Almost 15 years later in project ImPRovE you have (principally) put forward: a) reference budgets and b) input/policy indicators in minimum income packages as those innovations that would allow us to advance in monitoring and ultimately tackling poverty. Could you in a few words describe what these entail and their advantages?
Yes, we’re proud of the work that has come out of the ImPRovE Project. Our team has produced important work that, as you’ve mentioned, contributes much to our understanding of how reference budgets can be designed and utilised, and how the EU can make greater progress towards reducing poverty.
Our project on reference budgets has played an important role in the understanding of the realities of poverty in different Member States, and in contextualising the at-risk-poverty threshold. Reference budgets are designed to translate essential human needs into baskets of country-specific goods and services that people need in order to fulfil their different social roles in daily life. These budgets consist of a broadly accepted priced list of items required as a minimum by households of various types, living in various socio-economic circumstances.

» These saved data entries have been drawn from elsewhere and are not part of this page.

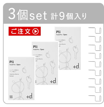 +d Pli 3pcs Hook Pin プラスディー プリ フックピン 2個セット (計6個入り) ≪ブラック≫ 画鋲 ステンレス 日本製 押しピン 壁掛け 収納 DIY 壁面 錆びにくい カレンダー アクセサリー 写真掛け ディスプレイ シンプル コの字 リビング キッチン 水回り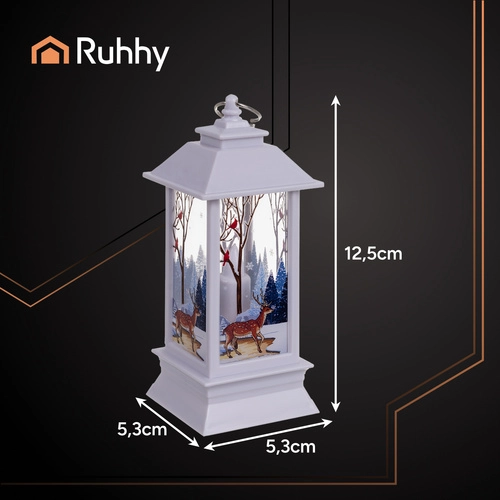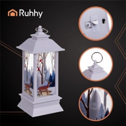 Ta stilska dekorativna lanterna v beli barvi z zimskimi in božičnimi motivi v prostor vnese toplo, prijetno svetlobo. Vgrajena LED svetloba z učinkom sveče ustvari prijetno atmosfero brez tveganja odprtega ognja – idealna izbira za dom in komercialne prostore.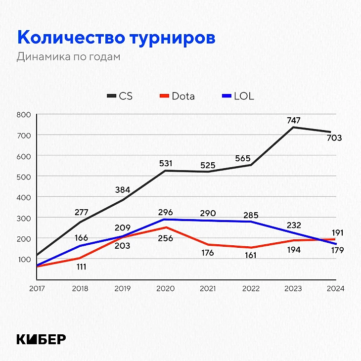 В CS и League of Legends рост продолжается, хоть и медленный.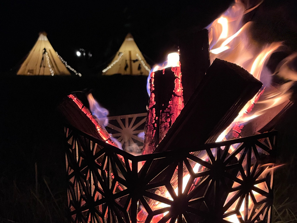 伝統柄を楽しみながら焚き火ができるのが大きな特徴の1つ。火を美しく彩ります。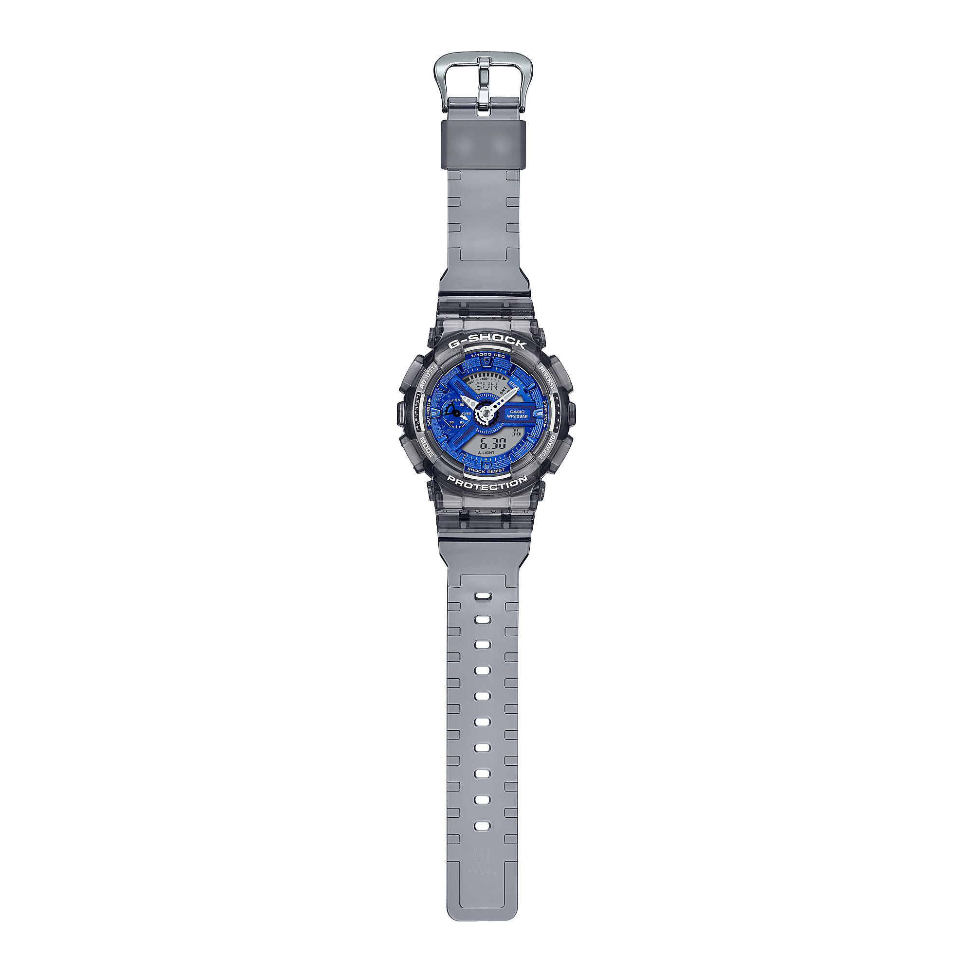 A Casio G-Shock watch with a blue analog dial and a gray resin strap, showcasing a digital and analog display, along with a LED light feature.

The project allowed us to develop cross-nationally comparable reference budgets in countries such as Belgium, Finland, Greece, Hungary, Italy and Spain, generating an enhanced tool with which to contextualise and assess poverty and policies within these countries.
As you’ve noted, we’ve also proposed to insert indicators of minimum income packages in the European semester governance framework, which could support the EU-2020 outcome target indicators. Including carefully selected indicators of policy packages in the streamlined EU policy monitoring process (European Semester), would render Member States more accountable for the social quality of economic policies and anti-poverty strategies, and can bring out different policy mixes, available options, and potential imbalances.

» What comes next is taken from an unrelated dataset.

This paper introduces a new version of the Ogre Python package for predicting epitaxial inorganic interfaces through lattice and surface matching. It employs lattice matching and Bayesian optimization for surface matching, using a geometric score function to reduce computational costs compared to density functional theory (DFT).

Without interfering with national authority and policy structures, such indicators can pinpoint imbalances in the nexus of minimum wages, work incentives, and minimum incomes for jobless households. This leaves room for subsidiarity, monitoring, and mutual learning, starting from a broad view of the overall quality of social policy. The aim should be to support the Member States to find adequate country-specific economic and social balances.

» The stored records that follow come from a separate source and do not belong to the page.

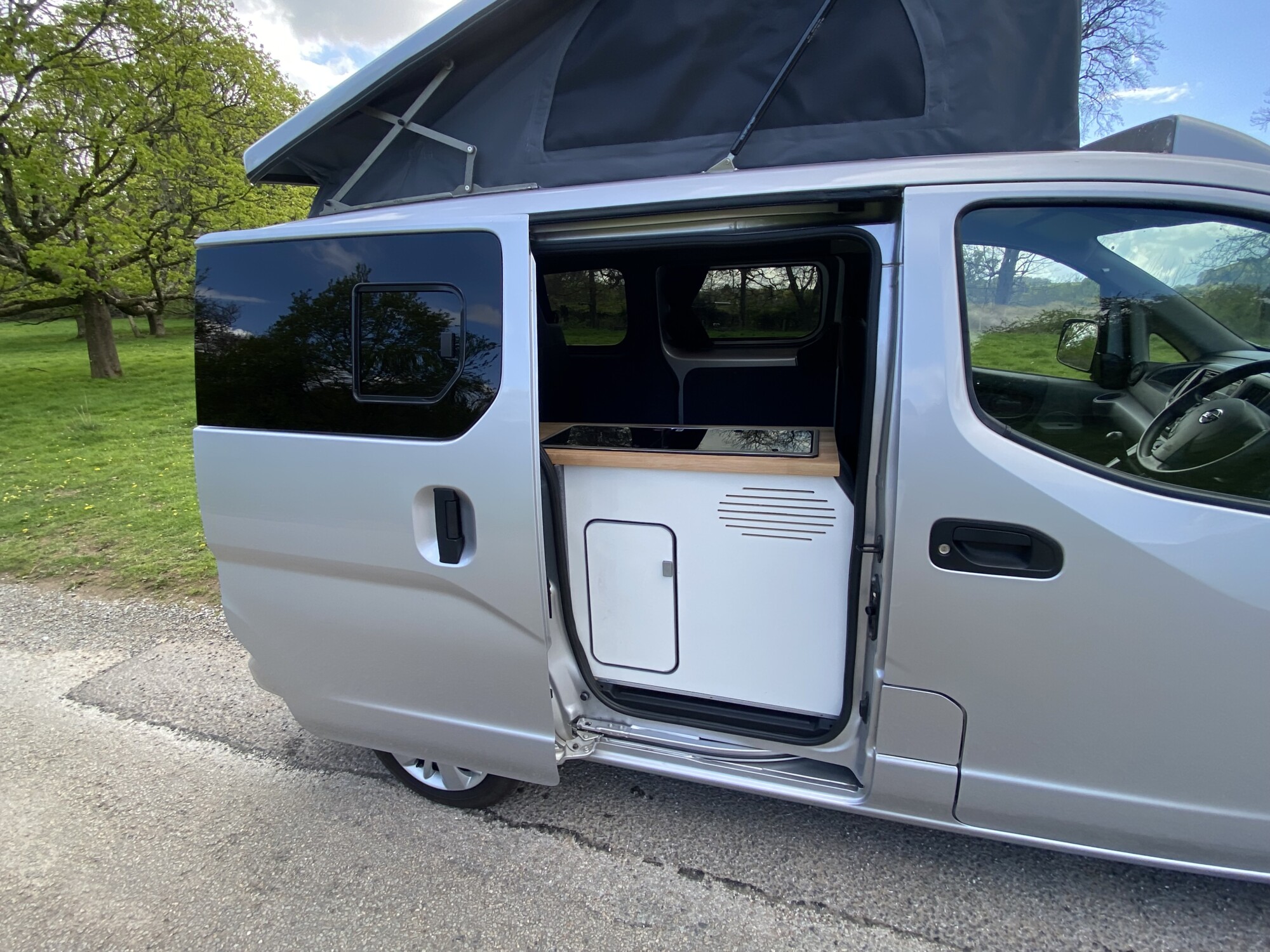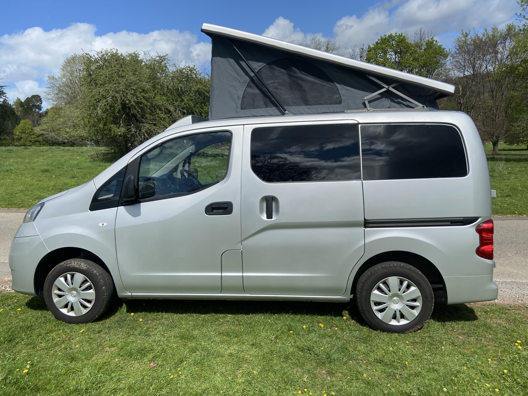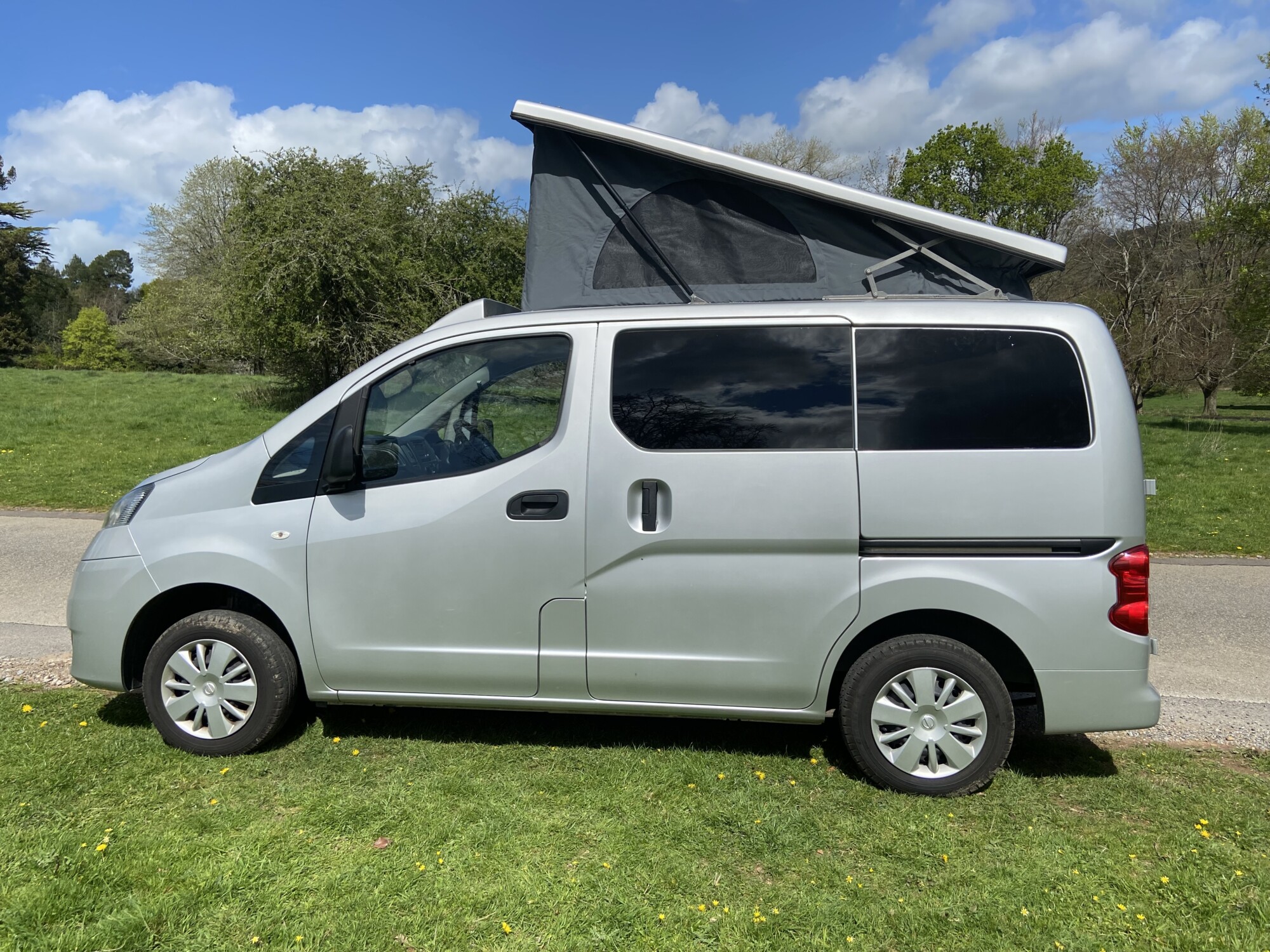 2017 Nissan NV200 1.5 DCI campervan with twin sliding doors in silver. Brand new professional conversion, New Mot supplied with no advisories, only two keepers from new and a genuine low mileage of only 51,000 miles. Equipped with four belted seats, reversing camera, Bluetooth, cd player, alloys, electric windows & mirrors.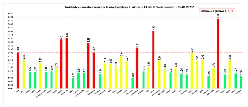Coeficientul infectărilor cumulate la 14 zile, raportate la 1.000 de locuitori este calculat de către Direcțiile de Sănătate Publică, la nivelul Municipiului București și al județelor. Mai jos aveți graficul realizat în baza raportărilor primite de CNCCI de la Direcțiile de Sănătate Publică: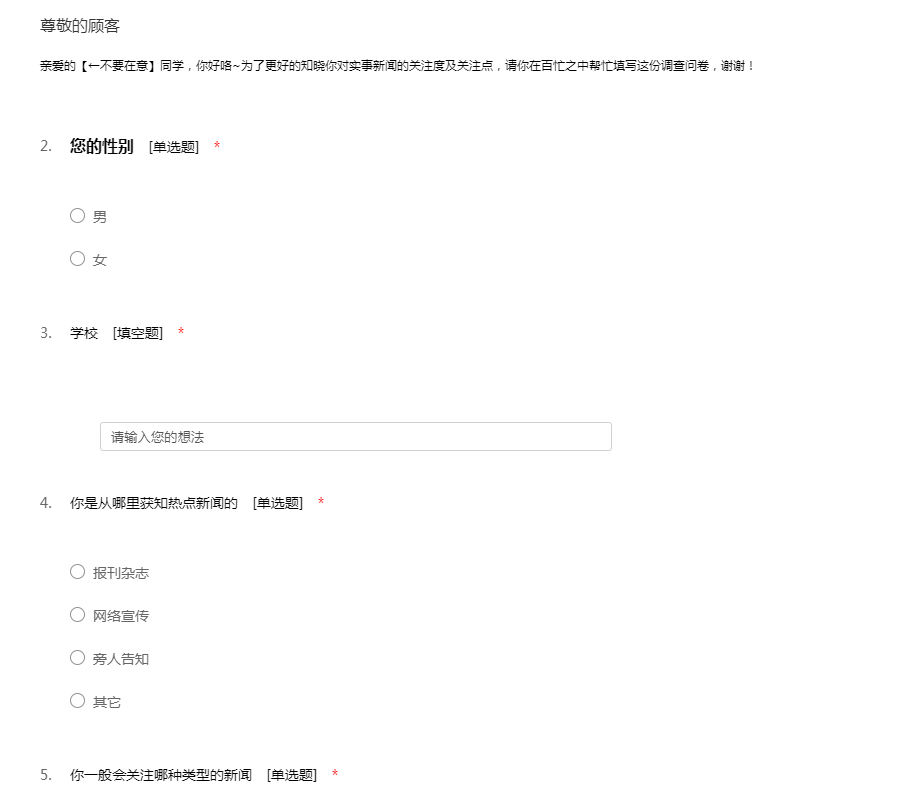 亲爱的【←不要在意】同学,你好咯~为了更好的知晓你对实事新闻的关注度及关注点,请你在百忙之中帮忙填写这份调查问卷,谢谢!

In general, how can we move forward in combating poverty in Europe and what should the role of the EU be? In other words – and in relation to the EC's consultation for a European Pillar of Social Rights – what would you see as the next step forward for the EU in social policy?
A broad approach to minimum income protections, including minimum standards in social assistance and minimum wages, is the place to start. The principle of adequate minimum incomes for all should serve as a compass for a renewed convergence within the Union. As noted previously, minimum income protection for jobless households falls short of the at-risk-of-poverty thresholds, in particular for families with children (even in the most generous of settings). Incorporating a set of well thought-out policy indicators and benchmarks would contribute to a better monitoring of minimum income policies (in a broad sense) in the Member States in line with previous EU policy initiatives.
In light of inter alia changing work patterns, technological developments, migration and international competition, European welfare states will continue to be challenged by poor wages, growing tensions at the lower end of the labour market and the ability of social protection systems to provide adequate living standards for all. As national welfare states continue to work harder, yet achieve less, there is indeed an increasing need for the EU to reconsider its role in supporting Member States in their attempts to guarantee decent incomes.